So sorry you're dealing with this...Your kids are lucky to have one sane parent.


----------



## SoSadandConfused (Dec 27, 2010)

Thanks all.
I so much wanted to spend the rest of my life in the "perfect" family. The thought of the affair doesn't want to make me cry, but the thought of having to 'share' my kids time does. I don't ever want them to be away from me. They are my whole life, especially right now. He could have everything else in our lives and I don't think I would care. This is the first time in the weeks since I've become suspicious that I've really cried. 
Last night, or should I say this morning, at 5am he finally came home. He lied about where he was going. My nifty little 'FindMyIphone' app came in handy last night and pinpointed his location - which a friend confirmed with a drive-by.
I wanted to go over there and confront him, but I always second guess myself. He is very good and convincing me that I am wrong and overreacting to something innocent. To the point that I am usually apologizing at the end of the conversation. So, I'm afraid that I'm in the same cycle as last time. Last time it took me months to finally do it. And that was only because I befriended the OW and got her to help me set him up. There was no way he could deny that...
I need the strength and courage to end this. Just haven't found it yet... I think I need some serious counseling of my own... I know rationally that I am making excuses but... Please somebody tell me that I am not the only one who has felt this way


----------



## YellowRoses (Jun 2, 2012)

Oh, bless you (((())))

You sound a lot like me and so does your experience - take my word for it, there is no innocent explanation for 5am

Find your courage, confront him and throw him out if you can. I promise it gets easier to process this stuff when you have the space to do so. I took too long 

Its hard, damned hard to give up our dreams


----------



## Shaggy (Jul 17, 2011)

The next time he does this, and you know where he is, could you have a friend take you to get his car and bring it home? He'll come out and find it gone.

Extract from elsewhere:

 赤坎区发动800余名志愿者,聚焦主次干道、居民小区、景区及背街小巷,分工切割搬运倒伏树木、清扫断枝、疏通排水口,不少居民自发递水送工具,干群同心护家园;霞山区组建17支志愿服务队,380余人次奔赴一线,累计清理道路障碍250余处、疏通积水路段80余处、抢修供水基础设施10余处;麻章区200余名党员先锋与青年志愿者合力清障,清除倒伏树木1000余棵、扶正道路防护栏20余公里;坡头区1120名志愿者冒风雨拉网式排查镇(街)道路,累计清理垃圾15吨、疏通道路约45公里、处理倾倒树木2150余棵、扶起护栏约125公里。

Maybe write in chalk in the parking spot - "Car went home, you shouldn't bother"


----------



## SoSadandConfused (Dec 27, 2010)

Shaggy said:


> The next time he does this, and you know where he is, could you have a friend take you to get his car and bring it home? He'll come out and find it gone.
> 
> Maybe write in chalk in the parking spot - "Car went home, you shouldn't bother"


Thank you for making me smile!!! :lol:
I'll keep that in mind for next time...


----------



## aug (Aug 21, 2011)

Stop having sex with him. Get yourself tested for STD.

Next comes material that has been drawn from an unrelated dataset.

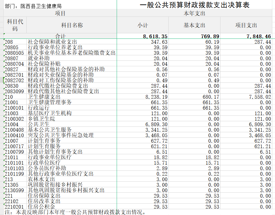 2.卫生健康支出。年初预算数为1602.97万元,支出决算为8238.19万元,完成年初预算的513.93%,决算数大于预算数的主要原因是2022年财政拨款基本公共卫生项目资金由主管部门统一支出;财政拨款职工人数增加,人员基本工资增长。

Start separating your financials and assets, and move them into a safe place. You'll need the money for sure.

He's a repeat offender. Start protecting yourself and your kids.


----------



## Vanguard (Jul 27, 2011)

If you're certain he's out having sex with this woman, either confront him now or start filing now. 

The only thing I would caution you on is regarding your feelings. Don't act on feelings; that's how marriages are desecrated to begin with. Remember that throughout a marriage feelings fluctuate. Sometimes people feel like they're falling out of love, but in reality that is simply a rough spot. When people come through that together the love they experience after that trial is more intense and vivid than what they had even before. Don't be directed by your feelings-- you won't be happy if you are. He was directed by his feelings and it led him to adultery. Instead be directed by what you know to be true. 

But the stipulation here is that he's cheating on you, and it's so very hard to put that trust back together once it's broken. Especially when this is the second time in the marriage that he's done it. 

My heart goes out to you. I really don't understand why people do this kind of thing. I would say that if there's any doubt in your mind to try to get him to go to Marriage Counseling, but by the looks of it he wouldn't really be up for that.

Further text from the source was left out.